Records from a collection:
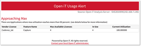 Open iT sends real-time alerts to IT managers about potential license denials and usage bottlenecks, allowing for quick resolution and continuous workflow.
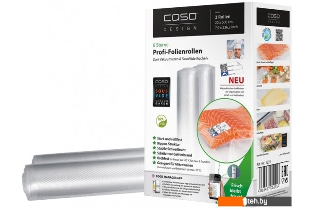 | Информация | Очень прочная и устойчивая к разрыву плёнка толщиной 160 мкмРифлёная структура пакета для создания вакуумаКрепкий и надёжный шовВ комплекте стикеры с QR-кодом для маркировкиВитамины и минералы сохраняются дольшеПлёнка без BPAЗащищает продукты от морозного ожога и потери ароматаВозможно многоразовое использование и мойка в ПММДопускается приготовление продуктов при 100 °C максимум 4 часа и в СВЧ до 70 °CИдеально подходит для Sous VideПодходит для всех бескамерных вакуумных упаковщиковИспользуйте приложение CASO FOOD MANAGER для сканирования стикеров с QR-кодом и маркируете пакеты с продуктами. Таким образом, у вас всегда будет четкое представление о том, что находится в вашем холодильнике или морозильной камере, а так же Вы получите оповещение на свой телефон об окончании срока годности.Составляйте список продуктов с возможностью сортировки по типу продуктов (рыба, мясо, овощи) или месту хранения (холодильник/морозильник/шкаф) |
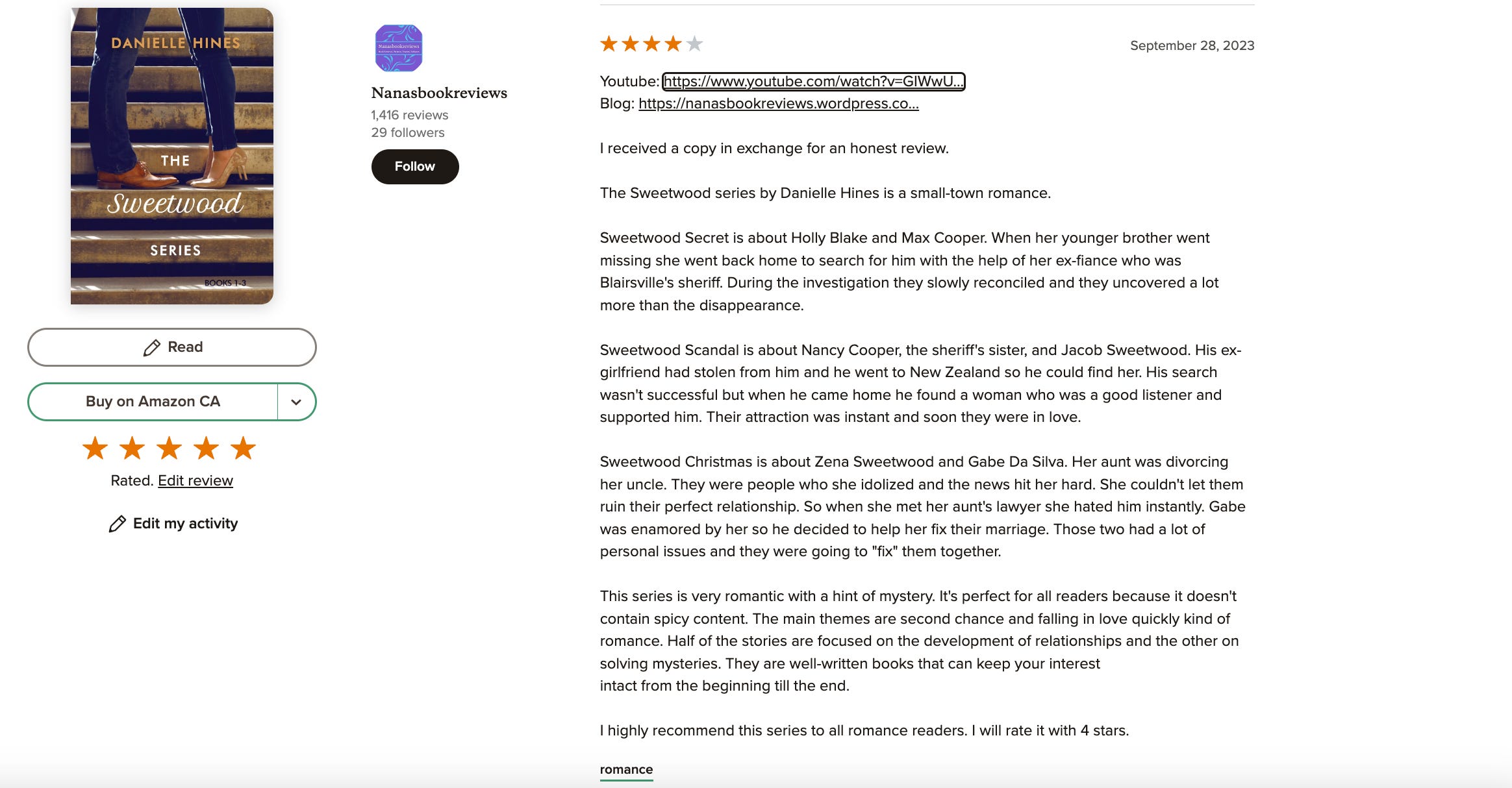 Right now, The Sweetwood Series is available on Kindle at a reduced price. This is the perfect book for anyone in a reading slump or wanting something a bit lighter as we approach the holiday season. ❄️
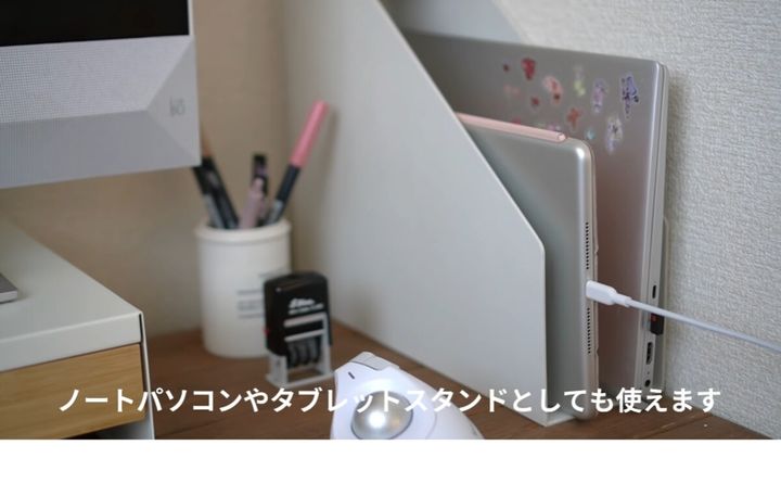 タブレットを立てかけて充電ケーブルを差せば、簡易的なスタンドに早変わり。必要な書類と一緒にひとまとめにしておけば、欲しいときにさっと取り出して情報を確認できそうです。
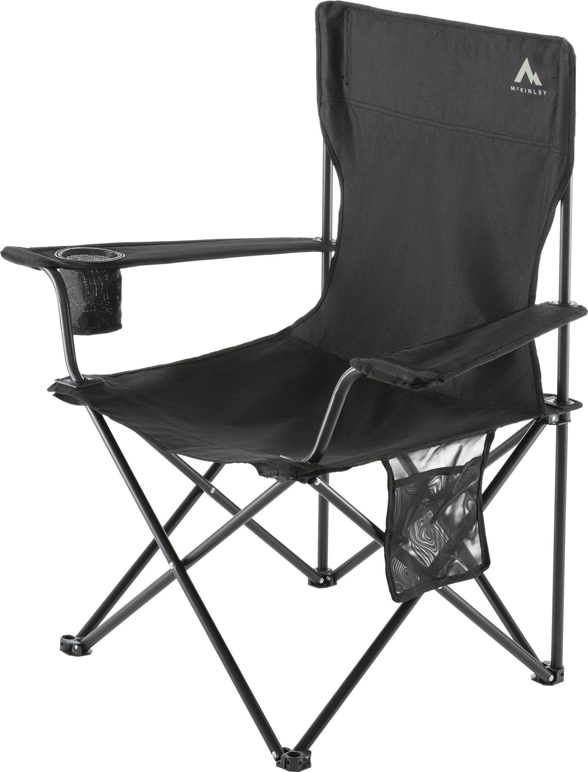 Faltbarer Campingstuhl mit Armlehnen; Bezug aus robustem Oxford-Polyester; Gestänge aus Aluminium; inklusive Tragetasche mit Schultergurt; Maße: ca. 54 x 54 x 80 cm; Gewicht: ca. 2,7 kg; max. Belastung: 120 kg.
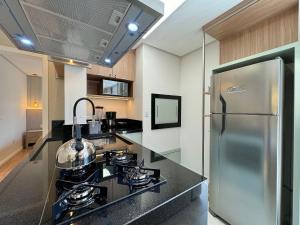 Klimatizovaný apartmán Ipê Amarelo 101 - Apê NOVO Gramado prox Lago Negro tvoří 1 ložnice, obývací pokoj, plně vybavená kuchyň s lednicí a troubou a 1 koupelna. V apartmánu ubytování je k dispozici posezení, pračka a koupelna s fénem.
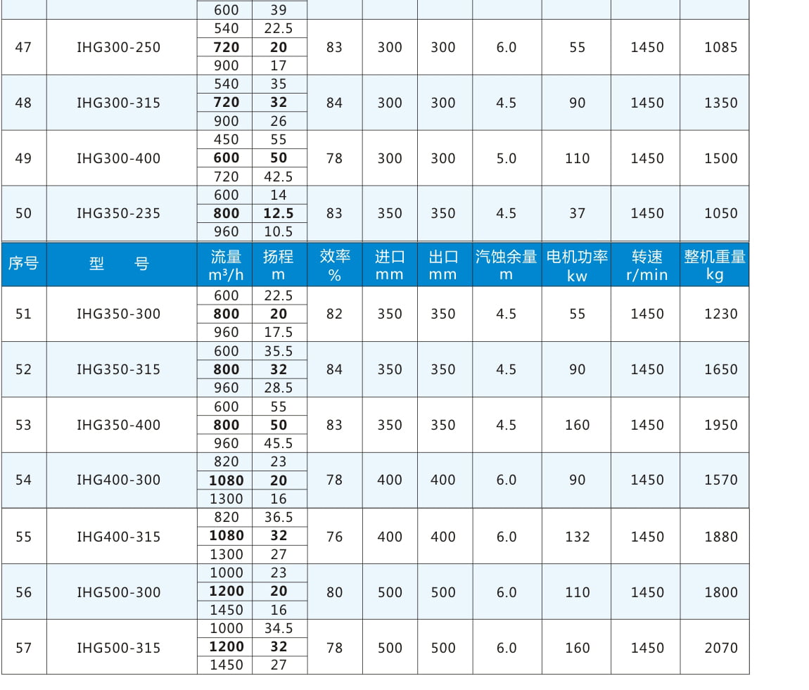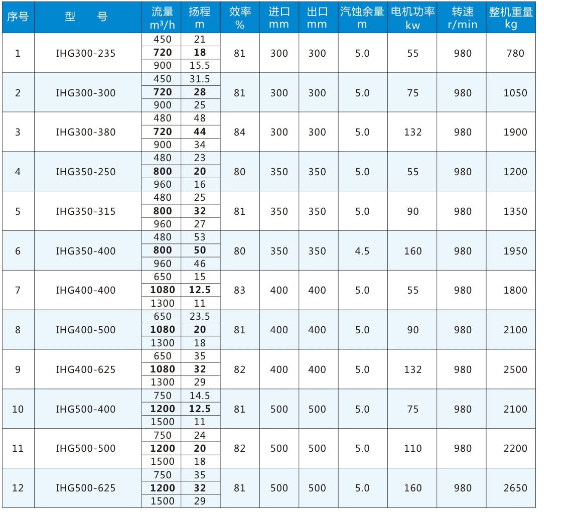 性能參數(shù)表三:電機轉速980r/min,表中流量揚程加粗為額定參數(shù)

» **Activity**: Could you please write out exactly the lines from the start of the entries above through the line that holds "タブレットを立てかけて充電ケ", both included, with no pictures?

» **Task result**:
 Open iT sends real-time alerts to IT managers about potential license denials and usage bottlenecks, allowing for quick resolution and continuous workflow.
 | Информация | Очень прочная и устойчивая к разрыву плёнка толщиной 160 мкмРифлёная структура пакета для создания вакуумаКрепкий и надёжный шовВ комплекте стикеры с QR-кодом для маркировкиВитамины и минералы сохраняются дольшеПлёнка без BPAЗащищает продукты от морозного ожога и потери ароматаВозможно многоразовое использование и мойка в ПММДопускается приготовление продуктов при 100 °C максимум 4 часа и в СВЧ до 70 °CИдеально подходит для Sous VideПодходит для всех бескамерных вакуумных упаковщиковИспользуйте приложение CASO FOOD MANAGER для сканирования стикеров с QR-кодом и маркируете пакеты с продуктами. Таким образом, у вас всегда будет четкое представление о том, что находится в вашем холодильнике или морозильной камере, а так же Вы получите оповещение на свой телефон об окончании срока годности.Составляйте список продуктов с возможностью сортировки по типу продуктов (рыба, мясо, овощи) или месту хранения (холодильник/морозильник/шкаф) |
 Right now, The Sweetwood Series is available on Kindle at a reduced price. This is the perfect book for anyone in a reading slump or wanting something a bit lighter as we approach the holiday season. ❄️
 タブレットを立てかけて充電ケーブルを差せば、簡易的なスタンドに早変わり。必要な書類と一緒にひとまとめにしておけば、欲しいときにさっと取り出して情報を確認できそうです。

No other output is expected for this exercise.